Hypospadias has been found to occur in up to four in every 1000 births. However, widespread variation in the rates and temporal trend over various time periods and across countries have been reported over the last 30 years.²,³,⁴,¹⁵ The aim of this investigation was to conduct a population‐based study to determine the prevalence and trends of hypospadias in an Australian population.

Methods

Study population and data sources

The study population consisted of all male infants born in Western Australia (WA) between 1980 and 2000 and diagnosed with hypospadias. Study data were obtained from the Western Australia Birth Defects Registry (WABDR), a population‐based notification system of malformations in WA established in 1980.¹⁶ The WABDR collates information on all reported malformations occurring in live births and stillbirths in WA and in pregnancies terminated because of fetal abnormalities, and includes malformations diagnosed in children up to 6 years of age.
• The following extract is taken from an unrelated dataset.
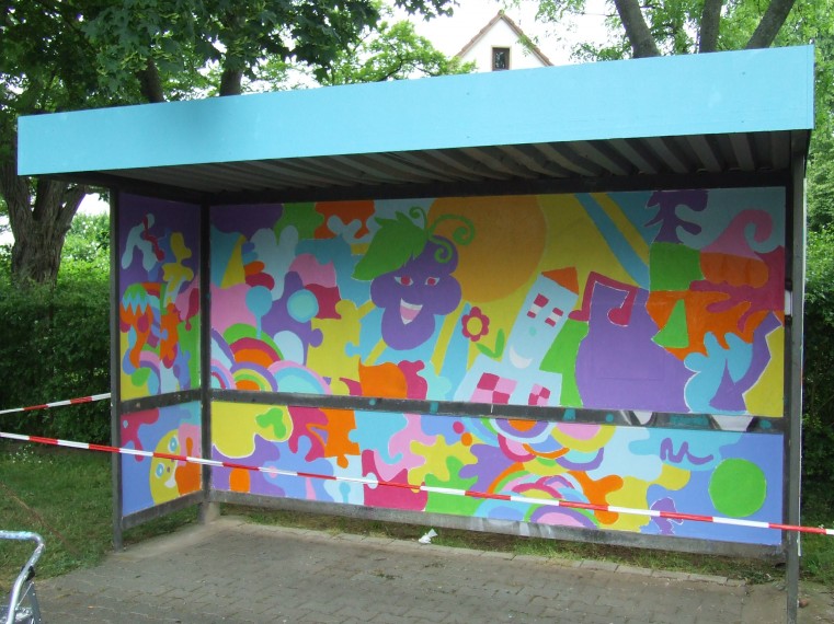Anlässlich der Projekttage „200 Jahre Rheinhessen“ der Realschule plus Rheinhessische Schweiz Wöllstein widmete sich die Gruppe von Kunstlehrerin Frau Jost dem Bushäuschen in Richtung Gumbsheim und haben diesem mit künstlerischen Mitteln ein neues, schöneres Aussehen geben.

The registry uses multiple sources of notification to ascertain cases of birth defects, including statutory sources (midwives' notification of birth form, hospital morbidity data, death certificates) and a large number of voluntary sources (for example, private practitioners, diagnostic and treatment centres, child health nurses)¹⁶; the cases are registered by year of birth. Each individual birth defect is coded by the WABDR according to the British Paediatric Association International Classification of Diseases, 9th revision system (BPA‐ICD9) with up to 10 diagnostic categories available to allow coding of multiple birth defects per case.
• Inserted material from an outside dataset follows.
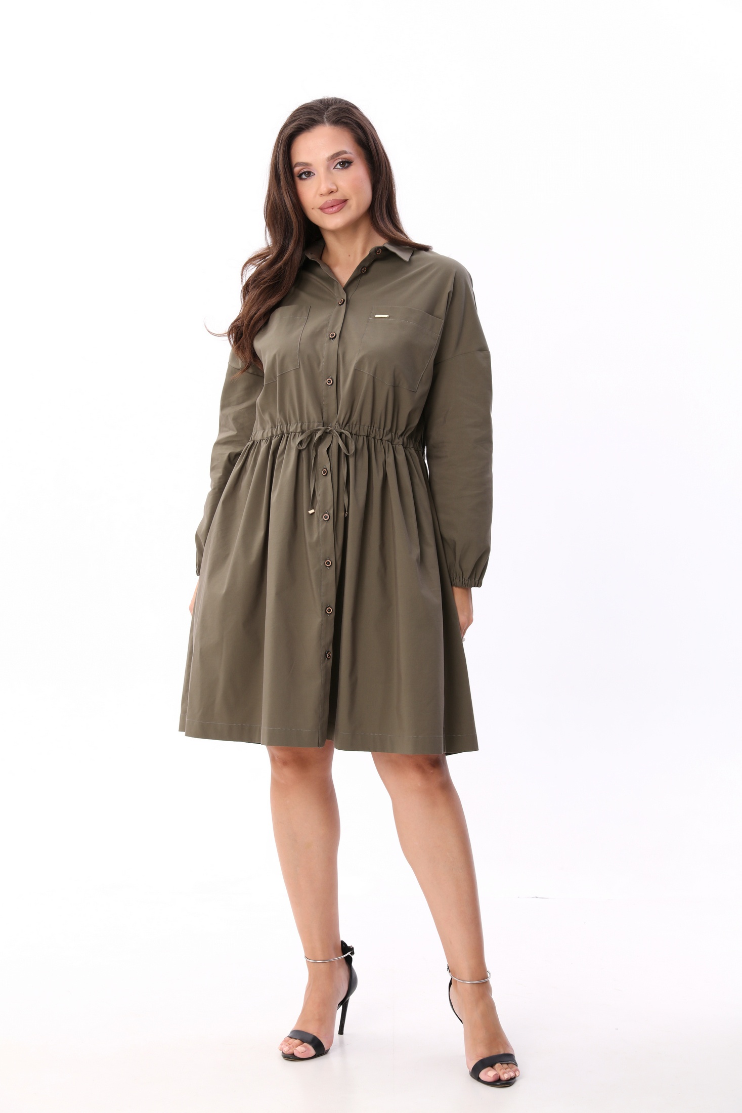 Платье 25ICY094Х-3 хаки от ICY Street идеально сочетает в себе стиль сафари и свободу движений. Коллекция бренда ICY Street предлагает идеальный вариант для летнего гардероба. Платье выполнено из приятной хлопковой ткани с добавлением полиамида и эластана, обеспечивающей комфорт и лёгкость. Фасон с прямым силуэтом и регулировкой талии с помощью кулиски позволяет варьировать образ от приталенного до расслабленного. Лёгкая сборка юбки создаёт женственный объём, а спущенные плечи и рукава с резинкой дополняют образ. Декорировано стильными накладными карманами и металлическим акцентом на грудной области для дополнительного шика. Идеально подходит для повседневных прогулок или расслабленного отдыха. Цвет хаки добавляет классический акцент, а длина достигает колена, подчёркивая актуальность и комфорт.

Hypospadias cases were identified as infants with a WABDR code for hypospadias (75260, 75263–75269). These codes are based on the BPA‐ICD9 code for hypospadias (752.6) which are then modified by the WABDR by using the fifth digit to classify the degree of severity of hypospadias cases based on the location of the urethral opening.¹ Cases with glanular (75263) or coronal (75264) forms of hypospadias were classified as mild, moderate severity was considered when the urethral opening was located subcoronally on the penile midshaft (75267) and severe was classified where the meatus opened on the scrotum or below in the cases of penoscrotal (75265) or perineal (75268) hypospadias. Confirmed hypospadias cases with degree of severity not otherwise specified (75260, 75266, 75269) were also included in the analysis. Epispadias (75261), a different and very rare condition where the urethra opens on the dorsum of the penis, and chordee (75262), curvature of the penis that is not always associated with hypospadias, were both excluded from the case definition. During the 21‐year study period, two infants were diagnosed with epispadias (one per 257 000 births). Chordee was associated with 43% of cases with hypospadias and a further 154 cases of isolated chordee were registered (three per 10 000 births).

Study outcomes

Overall prevalence and trends of hypospadias, birth outcome (live born, stillborn, termination), degree of severity and association with other congenital anomalies (74000–75999) were examined. Moderate and severe forms of hypospadias were combined due to small numbers. Rates were also examined for cases of isolated hypospadias and cases with additional co‐existing malformations and stratified by degree‐of‐severity. Isolated cases may have had chordee or hooded foreskin. Infants with hypospadias and other associated congenital anomalies were divided into two groups: cases with other types of genital anomalies such as undescended testis or anomaly of the testis or scrotum (75250–75299), excluding epispadias (75261), chordee (75262) and hooded foreskin (75286), and cases with any other type of congenital anomaly (excluding genital anomalies).

Analysis

Calculation of prevalence rates was based on the cumulative number of registered hypospadias cases divided by all births in the WA population and expressed per 10 000 births in the relevant year(s). Denominator data were obtained from the WA Department of Health and consisted of all live births and stillbirths of 20 weeks' gestation or more born in WA. For comparative purposes, prevalence rates were also determined using all male births in WA, 1980–2000 as the denominator and by calculating hypospadias rates using the European Surveillance of Congenital Anomalies (EUROCAT) definition, which excludes glanular cases from totals.³ Trends in prevalence rates over the study period were assessed using Poisson regression analysis to estimate the average yearly change in the rate of hypospadias and associated 95% confidence interval. All data were analysed using SAS, release 9.1 (SAS Institute, Cary, NC, USA).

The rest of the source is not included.